▸ **TASK DIRECTIONS**: Only the lines from the one containing "展轩出发赣州,展轩机场潮男l" through the end of the records should be retyped, exactly and including both ends; pictures stay out.

-- DATA FOR ANALYSIS follows --

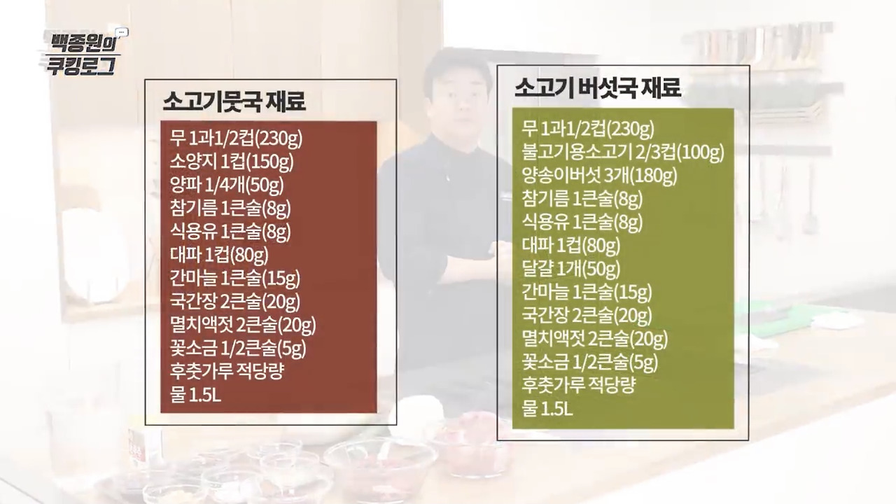 특히 가을에 수확한 무는 '밭에서 나는 인삼'이라고 할 만큼 맛이 좋고 영양이 풍부한데요. 소고기무국 외에도 남은 무를 활용해 무조림, 무나물, 무생채, 무말랭이무침 등 다양한 반찬을 만들 수 있어 더욱 유용합니다. 이제 소고기무국을 맛있게 만드는 방법, 백종원 선생님의 황금레시피를 하나씩 알아보겠습니다.
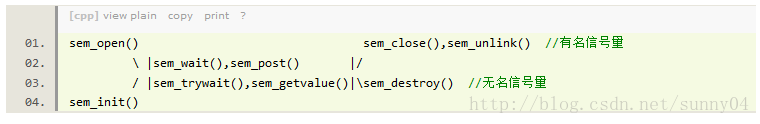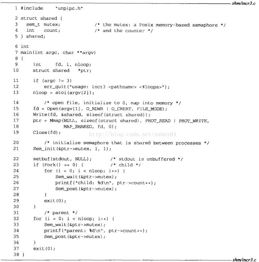 struct shareMemory { sem_t sem; char *buffer[MAX]}; 在共享内存区上面分配一个这样大小的内存,然后调用 sem_init(&shareMemory.sem, 1, 1). 这里需要注意的是sem_init()只能被调用一次。对一个已经初始化的信号量调用sem_init(),其结果是未定义的。 也就是说 主线程或者主进程调用 sem_init()后,另外的线程或者进程不允许再次调用sem_init(),这个另外的线程或者进程可以直接使用 shareMemory.sem进行同步。
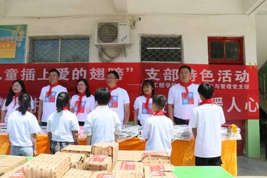 “为留守儿童插上爱的翅膀”是水利工程学院教工水工技术与管理支部特色品牌活动,已持续开展5年10次。活动以“真诚、真心、真爱、真行动”为原则,充分体现了教育部“双带头人”教师党支部书记工作室党员教师对留守儿童的深切关爱。本次活动中水工技术与管理支部与正大教育集团党支部共同为孩子们捐赠桌椅60套、图书1000册、书包60个、作业本1400本、中性笔200支、T恤衫60件、洗手液60瓶、口罩300副及其他儿童节礼品。活动的开展,为孩子们带去了内心的温暖,增强了留守儿童在学习、生活、人际交往和自我意识等方面的适应能力,促进了留守儿童的全面健康成长。
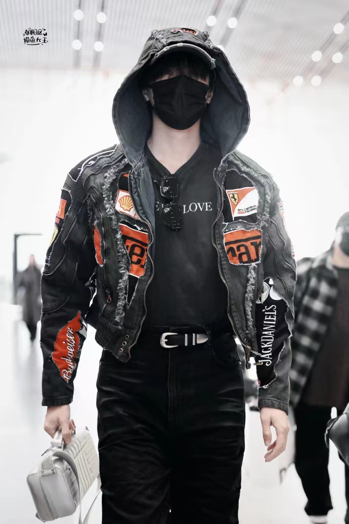 展轩出发赣州,展轩机场潮男look,谁来懂一下这个展轩不规则外套+褶皱黑裤,满分潮男感的look,一整个有被帅到啦~
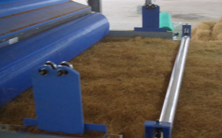 本生產(chǎn)線是利用椰棕纖維和膠水通過高溫?zé)犸L(fēng)穿透粘合定型,通過壓板機(jī)多層壓實(shí)而成,椰棕墊是床上用品、服裝家具、沙發(fā)高級(jí)的芯墊材料。

-- DATA FOR ANALYSIS concluded --

▸ **ANSWER TO THE PROBLEM**:
 展轩出发赣州,展轩机场潮男look,谁来懂一下这个展轩不规则外套+褶皱黑裤,满分潮男感的look,一整个有被帅到啦~
 本生產(chǎn)線是利用椰棕纖維和膠水通過高溫?zé)犸L(fēng)穿透粘合定型,通過壓板機(jī)多層壓實(shí)而成,椰棕墊是床上用品、服裝家具、沙發(fā)高級(jí)的芯墊材料。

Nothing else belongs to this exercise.